McAfee and FireEye released its 2022 Threat Predictions, examining the top cybersecurity threats they predict enterprises will face in 2022.
Bad actors have taken note of successful tactics from 2021, including those making headlines tied to ransomware, nation states, social media and the shifting reliance on a remote workforce. They are expected to pivot those into next years’ campaigns and grow in sophistication, wielding the potential to wreak more havoc across the globe.
Skilled engineers and security architects from the recently combined entity offer a preview of how the threat landscape might look in 2022 and how these new or evolving threats could potentially impact enterprises, countries, and civilians.
“Over this past year, we have seen cybercriminals get smarter and quicker at retooling their tactics to follow new bad actor schemes – from ransomware to nation states – and we don’t anticipate that changing in 2022,” said Raj Samani, fellow and chief scientist at McAfee.
“With the evolving threat landscape and continued impact of the global pandemic, it is crucial that enterprises stay aware of the cybersecurity trends so that they can be proactive and actionable in protecting their information.”
2022 cybersecurity threats predictions for enterprises
- Lazarus wants to add you as a friend. Nation states will weaponize social media to target more enterprise professionals, looking to infiltrate organizations for their own criminal gain.
- Help wanted: bad guys with benefits. Nation states will increase their offensive operations by leveraging cybercriminals, prompting companies to audit their visibility and learn from operations conducted by actors targeting their sectors.
- Game of ransomware thrones.
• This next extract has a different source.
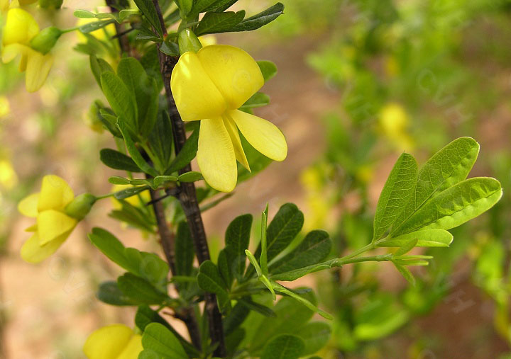 柠条为豆科锦鸡儿属落叶大灌木饲用植物,根系极为发达,主根入土深,株高为40-70厘米,最高可达2米左右。柠条叶簇生或互生,偶数羽状复叶。叶轴、托叶脱落或宿存而硬化成针刺。花单生,蝶形花冠,黄色,少有带红色。荚果椭圆形或肾形,膨胀或扁干,顶端尖。种子椭圆形或球形。树皮黄灰色、黄绿色或黄白色;种子红色。花期5~6月。果期7月。

Self-reliant cybercrime groups will shift the balance of power within the RaaS eco-kingdom from those who control the ransomware to those who control the victim’s networks.
- Ransomware for dummies. Less-skilled operators won’t have to bend the knee in RaaS model power shift as they leverage the expertise encoded by more skilled ransomware developers.
- Keep a close eye on API. 5G and IoT traffic between API services and apps will make them increasingly lucrative targets, causing unwanted exposure of information.
- Hijackers will target your application containers. Expanded exploitation of containers and vulnerable applications will lead to endpoint resource takeovers.
- Back to the basics: patch up or pay out. The time to repurpose vulnerabilities into working exploits will be measured in hours and there’s nothing you can do about it… except patch.